■ Action item: Below are entries; repeat exactly, and nothing else, the lines from the one holding "Viel Aerger und" through the one holding "The sturdy double", inclusive. Leave the pictures out.

■ Data provided:
= = = = =

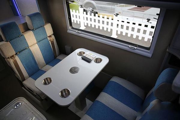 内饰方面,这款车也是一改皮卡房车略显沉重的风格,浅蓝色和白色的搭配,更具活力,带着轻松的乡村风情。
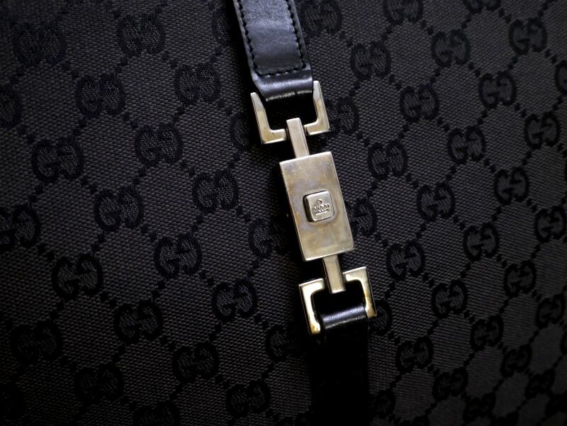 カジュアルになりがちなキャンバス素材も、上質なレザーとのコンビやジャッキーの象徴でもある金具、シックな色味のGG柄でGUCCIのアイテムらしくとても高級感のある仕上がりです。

= = = = =

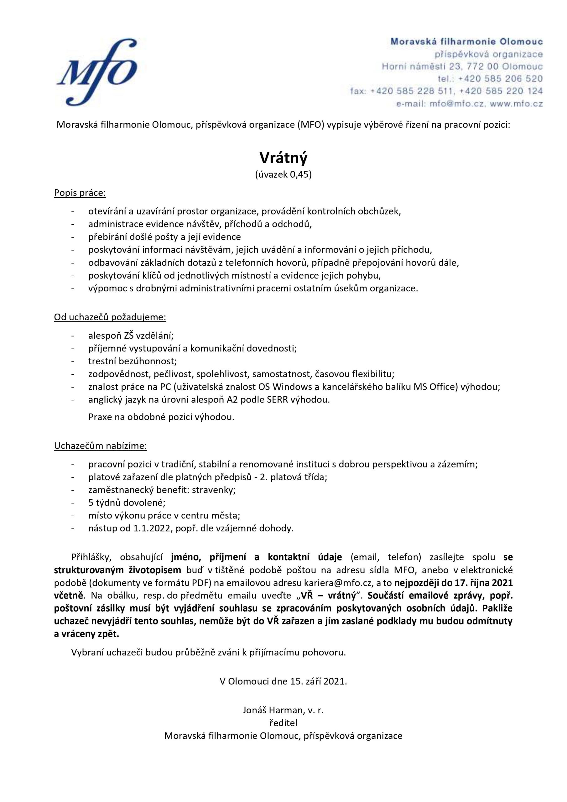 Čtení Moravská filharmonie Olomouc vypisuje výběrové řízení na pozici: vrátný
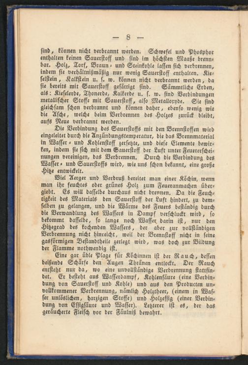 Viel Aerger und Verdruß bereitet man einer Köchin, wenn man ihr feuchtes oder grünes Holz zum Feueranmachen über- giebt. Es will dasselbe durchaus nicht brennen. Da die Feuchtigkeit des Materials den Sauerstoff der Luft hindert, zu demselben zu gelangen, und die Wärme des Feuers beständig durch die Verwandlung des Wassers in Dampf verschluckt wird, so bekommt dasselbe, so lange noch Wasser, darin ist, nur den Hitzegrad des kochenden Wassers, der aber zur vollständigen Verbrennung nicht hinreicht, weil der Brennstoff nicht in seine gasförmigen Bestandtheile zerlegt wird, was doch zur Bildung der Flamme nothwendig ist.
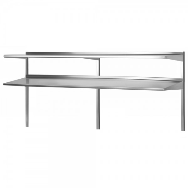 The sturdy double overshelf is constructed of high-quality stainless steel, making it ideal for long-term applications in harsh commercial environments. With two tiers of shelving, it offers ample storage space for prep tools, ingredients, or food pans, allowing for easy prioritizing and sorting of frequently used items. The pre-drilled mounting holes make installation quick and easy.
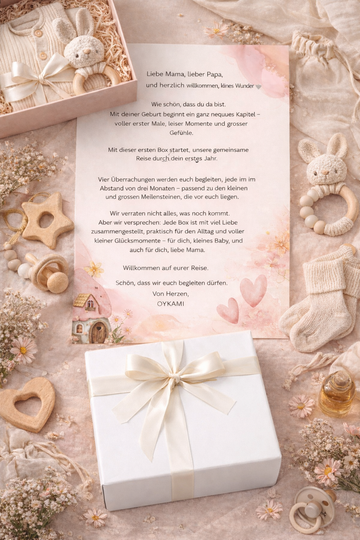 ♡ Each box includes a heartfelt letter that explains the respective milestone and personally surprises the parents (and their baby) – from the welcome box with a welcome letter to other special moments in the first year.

= = = = =

■ Solution below:
 Viel Aerger und Verdruß bereitet man einer Köchin, wenn man ihr feuchtes oder grünes Holz zum Feueranmachen über- giebt. Es will dasselbe durchaus nicht brennen. Da die Feuchtigkeit des Materials den Sauerstoff der Luft hindert, zu demselben zu gelangen, und die Wärme des Feuers beständig durch die Verwandlung des Wassers in Dampf verschluckt wird, so bekommt dasselbe, so lange noch Wasser, darin ist, nur den Hitzegrad des kochenden Wassers, der aber zur vollständigen Verbrennung nicht hinreicht, weil der Brennstoff nicht in seine gasförmigen Bestandtheile zerlegt wird, was doch zur Bildung der Flamme nothwendig ist.
 The sturdy double overshelf is constructed of high-quality stainless steel, making it ideal for long-term applications in harsh commercial environments. With two tiers of shelving, it offers ample storage space for prep tools, ingredients, or food pans, allowing for easy prioritizing and sorting of frequently used items. The pre-drilled mounting holes make installation quick and easy.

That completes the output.